Avant même l'envoi par l'Hadopi des premiers avertissements aux pirates impénitents, un sondage vient montrer à quel point le pouvoir dissuasif de la loi ne fonctionne pas. Le téléchargement illégal aurait en effet augmenté de 3% juste après l'adoption du volet répressif.

Trois chercheurs de l'université Rennes-I ont interrogé par téléphone, du 16 novembre et le 23 décembre 2009, «2.000 individus représentatifs de la population de la Région Bretagne.» En fonction des réponses, ils ont classé les personnes interrogées en trois populations: les «pirates Hadopi», qui utilisent les réseaux peer-to-peer (14% des consommateurs de vidéo et de musique en ligne); les «pirates non-Hadopi» qui emploient des techniques non visées par la loi: streaming illégal (Allostreaming…), téléchargement sur des sites d’hébergements de fichiers type Megaupload ou Rapidshare (16%); et les «non pirates», qui consomment du contenu copyrighté de façon légale (70%).

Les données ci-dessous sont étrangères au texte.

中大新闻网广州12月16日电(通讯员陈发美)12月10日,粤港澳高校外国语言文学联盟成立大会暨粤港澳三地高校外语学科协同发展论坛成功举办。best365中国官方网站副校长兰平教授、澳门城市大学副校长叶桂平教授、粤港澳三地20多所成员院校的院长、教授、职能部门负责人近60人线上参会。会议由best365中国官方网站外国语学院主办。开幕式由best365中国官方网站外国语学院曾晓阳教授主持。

Le décret concernant la conservation des données personnelles par l'Hadopi, paru au Journal officiel le 7 mars, est clair: il faut que le contrevenant utilise un «protocole pair à pair» et que le fichier soupçonné d'avoir été piraté soit «présent sur le poste». Autrement dit, il n'est pas question que la haute autorité se préoccupe du streaming, c'est-à-dire la faculté de regarder directement en ligne des vidéos ou à écouter des morceaux sans les télécharger sur son disque dur. Seule la personne qui met à disposition une œuvre dont il ne possède pas les droits peut être inquiété.

Le streaming, pas plus que le peer-to-peer (c'est-à-dire simplement l'échange de fichiers), n'est d'ailleurs pas nécessairement une technique qui induit la violation des droits d'auteur. Si vous regardez – gratuitement – une vidéo de Mediapart sur DailyMotion, vous accédez à notre «contenu» avec notre consentement (c'est une façon d'organiser la «pervasivité» de nos informations, malgré la clôture du site) et YouTube vise la rentabilité en 2010 grâce à la part croissante de vidéos professionnelles parmi les vidéos les plus vues (via la publicité et la vidéo à la demande).

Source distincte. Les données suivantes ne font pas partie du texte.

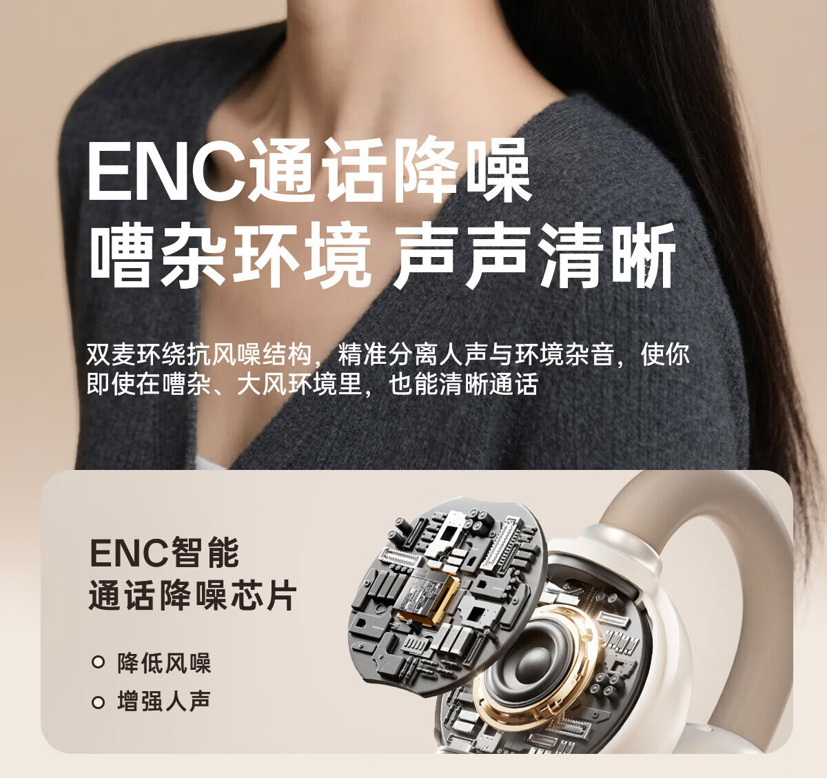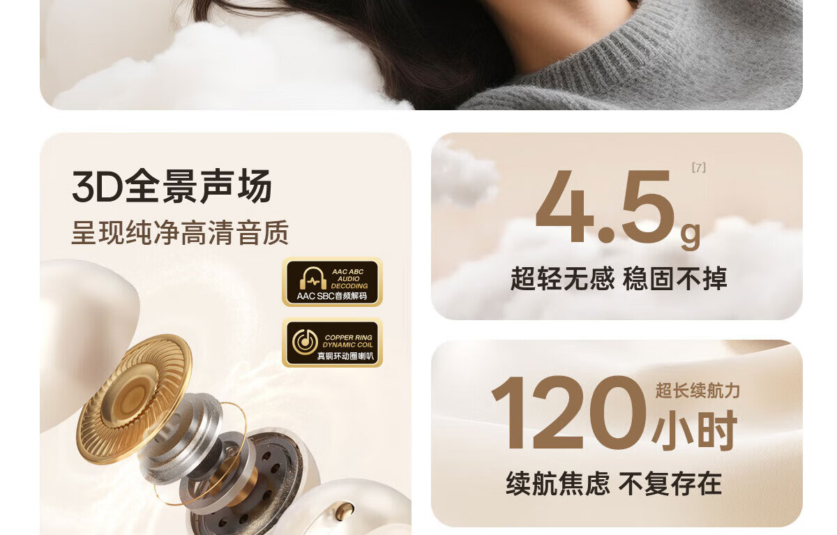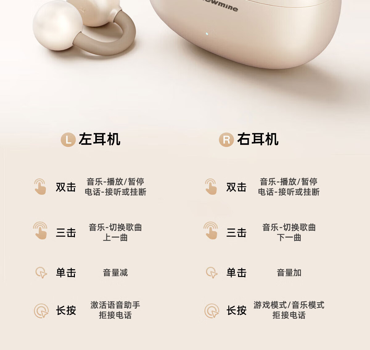 纽曼(Newmine)夹耳式蓝牙耳机运动无线骨传导概念不入耳跑步骑行迷你耳夹耳机超长续航礼物苹果华为手机通用 LY81暖砂米 48H续航丨ENC通话降噪 官方标配

Des réponses à leur questionnaire, les auteurs ont tiré la conclusion que 15% de pirates Hadopi ont cessé de recourir au P2P, mais parmi ceux-ci seuls «un tiers a renoncé à toute forme de piratage numérique, alors que les deux tiers restant se sont tournés vers des pratiques alternatives de piratage échappant à la loi Hadopi. (...) La réduction du nombre d’internautes qui utilisent les réseaux peer-to-peer s’est donc accompagnée d’une hausse des autres formes de piratage non prises en compte par la loi Hadopi (+27%). Cet accroissement fait plus que compenser la diminution du nombre d’utilisateurs des réseaux peer-to-peer. Le bilan de la loi Hadopi, 3 mois à peine après son adoption, fait ressortir une légère augmentation du nombre de pirates sur Internet (+3%).»  

L'étude montre également que les «pirates» comptent pour moitié parmi les acheteurs de musique et de vidéo sur Internet. «En supposant que les internautes ne modifient pas leur comportement, la loi Hadopi conçue pour soutenir les industries culturelles pourrait paradoxalement, en coupant la connexion Internet des adeptes du Peer-to-Peer, éliminer 27% des acheteurs de vidéo et de musique sur Internet. En poussant plus loin le raisonnement, une coupure de l’accès Internet de tous les pirates réduirait le nombre des acheteurs de vidéo et de musique sur Internet de moitié. La part d’acheteurs est la plus élevée parmi les pirates Hadopi (47%) et les pirates non Hadopi (36%). Les pirates ne sont donc pas des “radins numériques” et le sont moins que les internautes non pirates», écrivent les auteurs.